> Data extracts
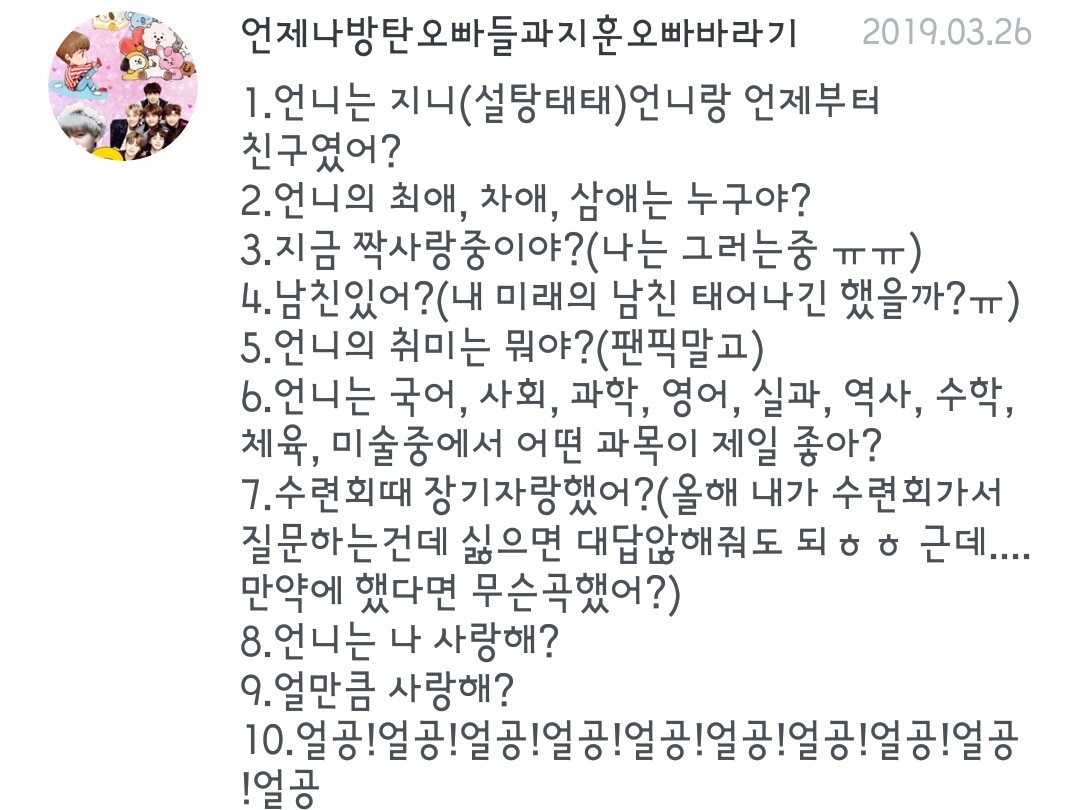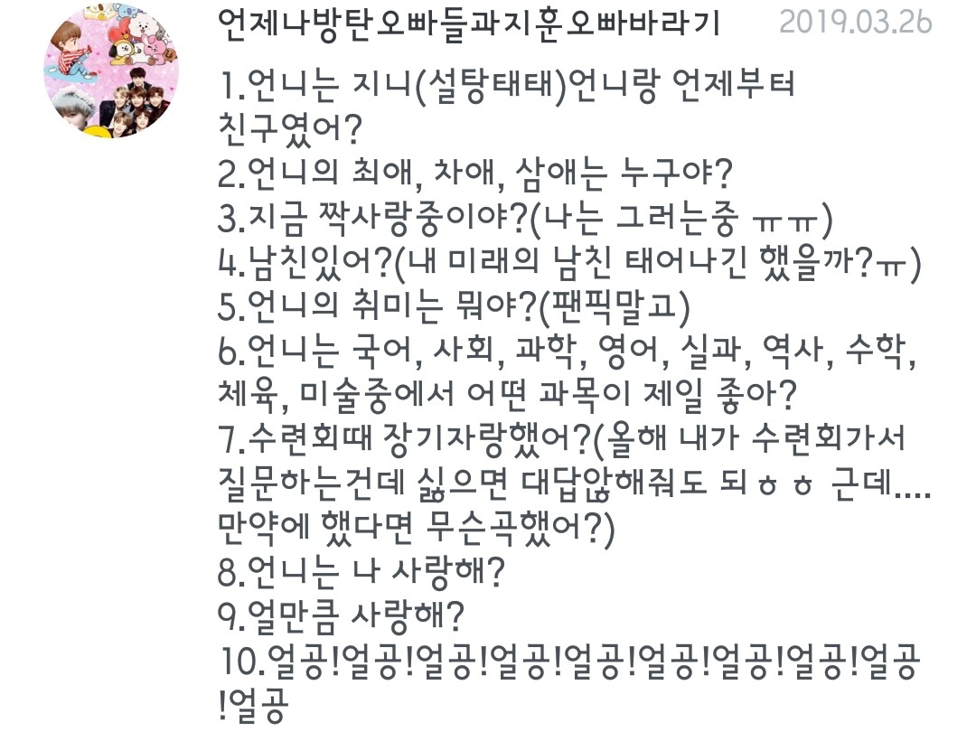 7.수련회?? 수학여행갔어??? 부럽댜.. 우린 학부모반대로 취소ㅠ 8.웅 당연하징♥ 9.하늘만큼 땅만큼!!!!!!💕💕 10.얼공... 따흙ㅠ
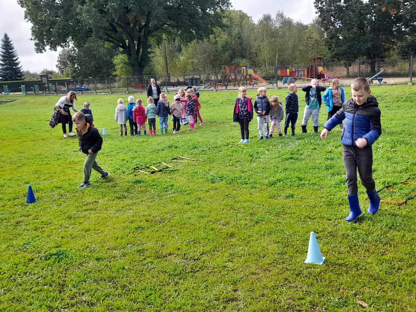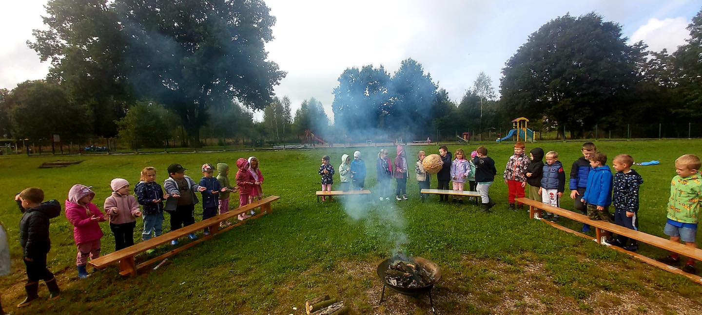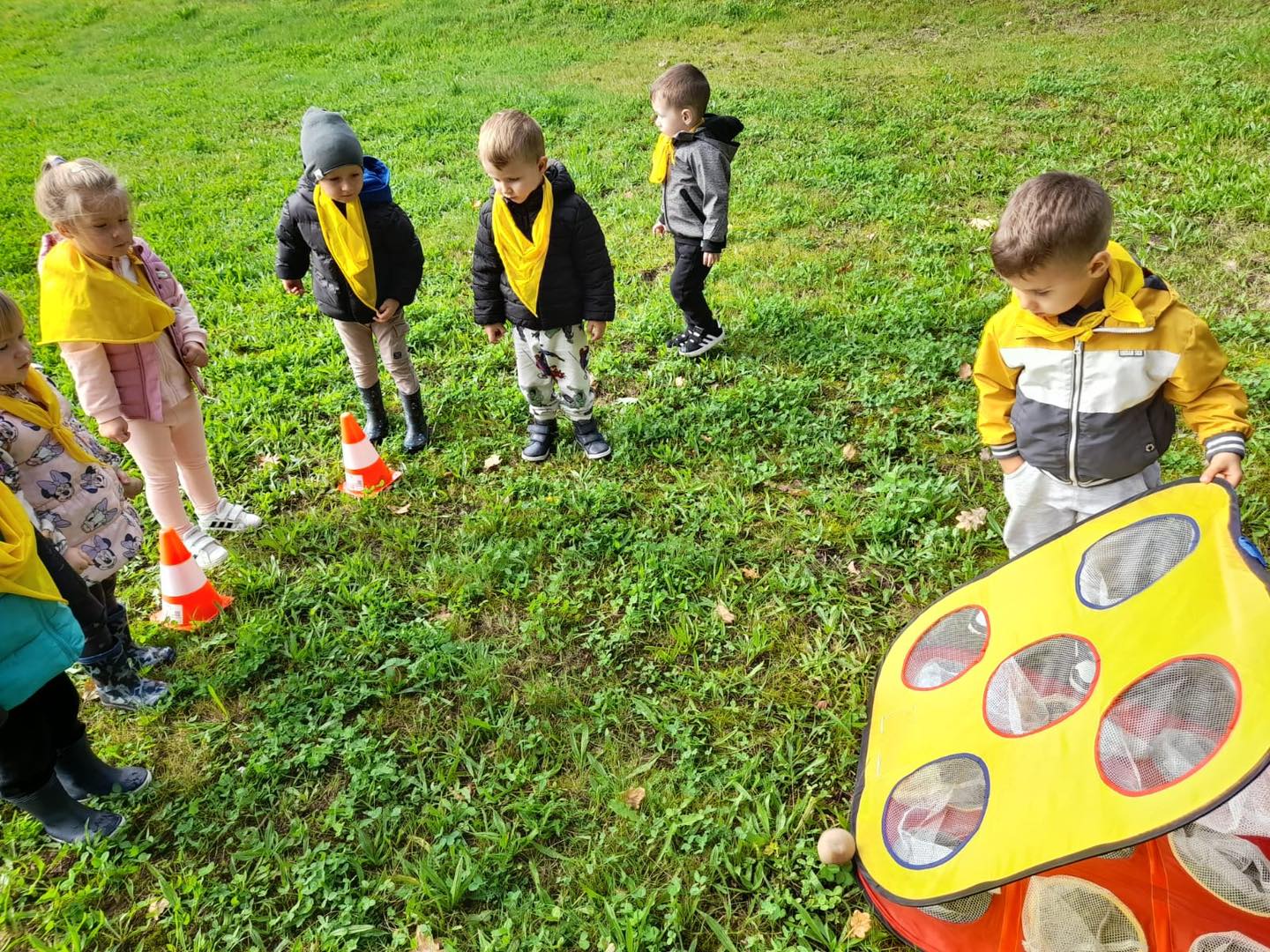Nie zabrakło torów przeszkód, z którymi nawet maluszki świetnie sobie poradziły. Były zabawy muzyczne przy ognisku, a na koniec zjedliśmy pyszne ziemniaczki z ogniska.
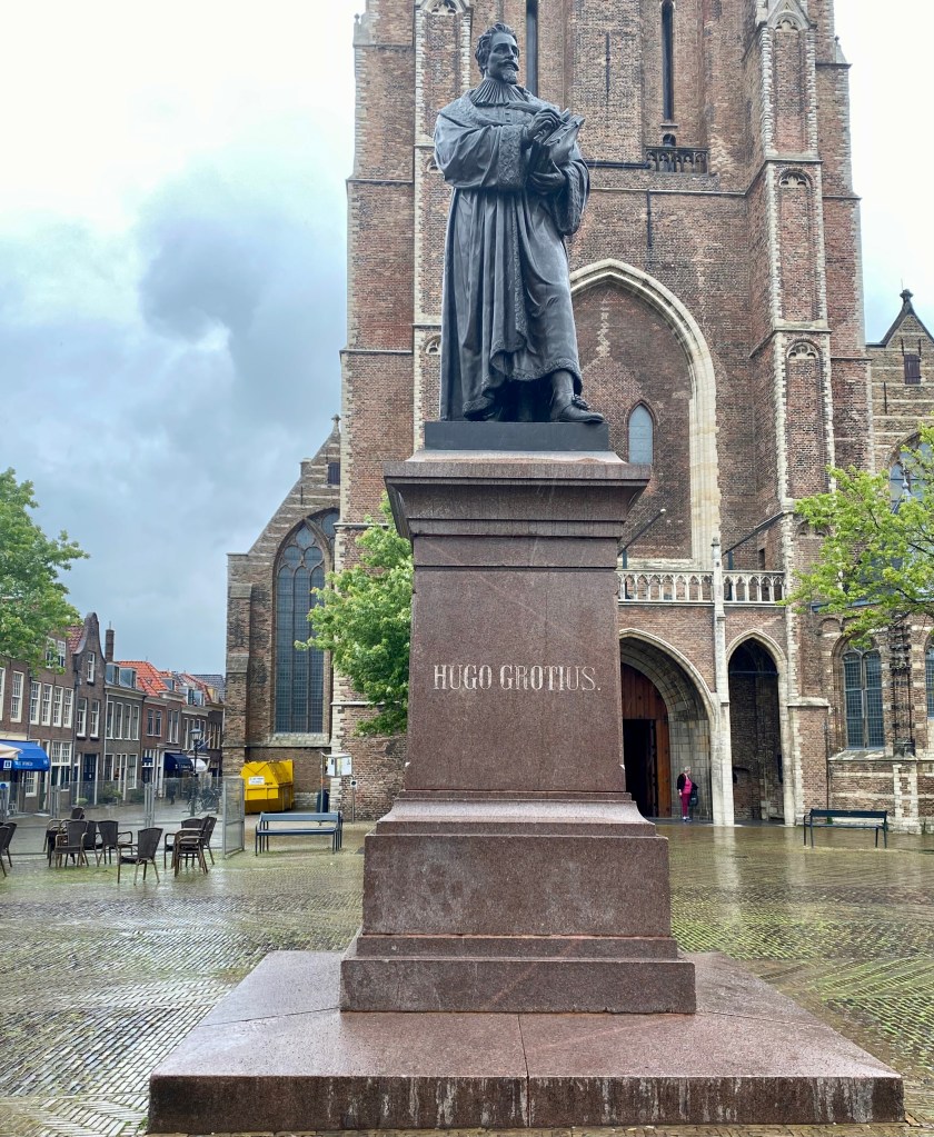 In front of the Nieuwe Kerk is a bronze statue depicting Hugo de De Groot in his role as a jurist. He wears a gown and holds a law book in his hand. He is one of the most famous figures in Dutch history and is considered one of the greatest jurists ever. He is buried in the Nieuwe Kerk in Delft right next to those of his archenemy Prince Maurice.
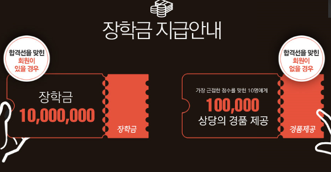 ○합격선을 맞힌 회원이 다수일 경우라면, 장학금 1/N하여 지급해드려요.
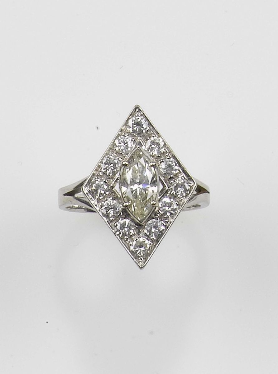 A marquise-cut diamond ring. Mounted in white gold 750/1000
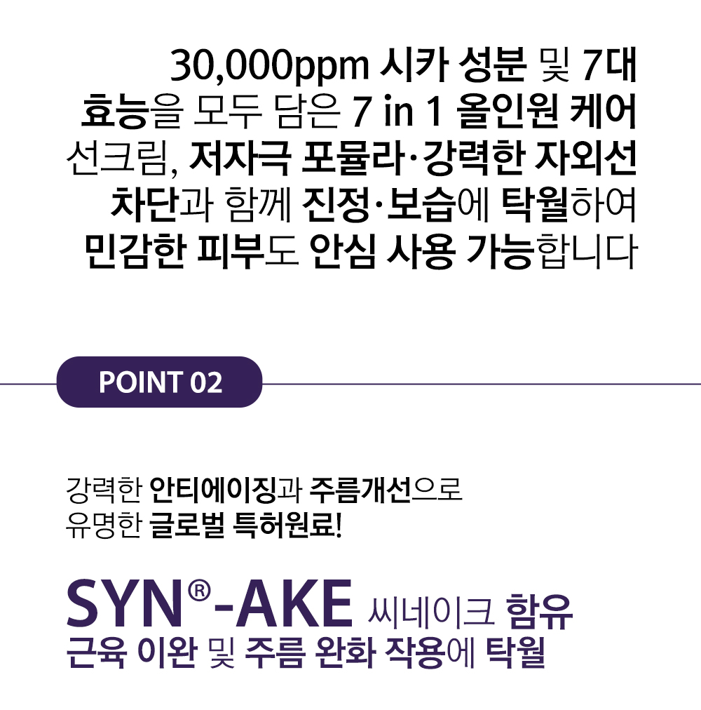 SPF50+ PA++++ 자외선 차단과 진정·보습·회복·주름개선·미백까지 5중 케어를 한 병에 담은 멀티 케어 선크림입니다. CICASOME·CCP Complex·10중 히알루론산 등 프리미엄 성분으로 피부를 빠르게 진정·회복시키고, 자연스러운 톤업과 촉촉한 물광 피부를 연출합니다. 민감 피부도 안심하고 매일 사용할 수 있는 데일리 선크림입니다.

> Your goal
Write out, word for word, the lines from the start of the data through the one holding "Nie zabrakło torów". Omit pictures.

> Response to the exercise
 7.수련회?? 수학여행갔어??? 부럽댜.. 우린 학부모반대로 취소ㅠ 8.웅 당연하징♥ 9.하늘만큼 땅만큼!!!!!!💕💕 10.얼공... 따흙ㅠ
Nie zabrakło torów przeszkód, z którymi nawet maluszki świetnie sobie poradziły. Były zabawy muzyczne przy ognisku, a na koniec zjedliśmy pyszne ziemniaczki z ogniska.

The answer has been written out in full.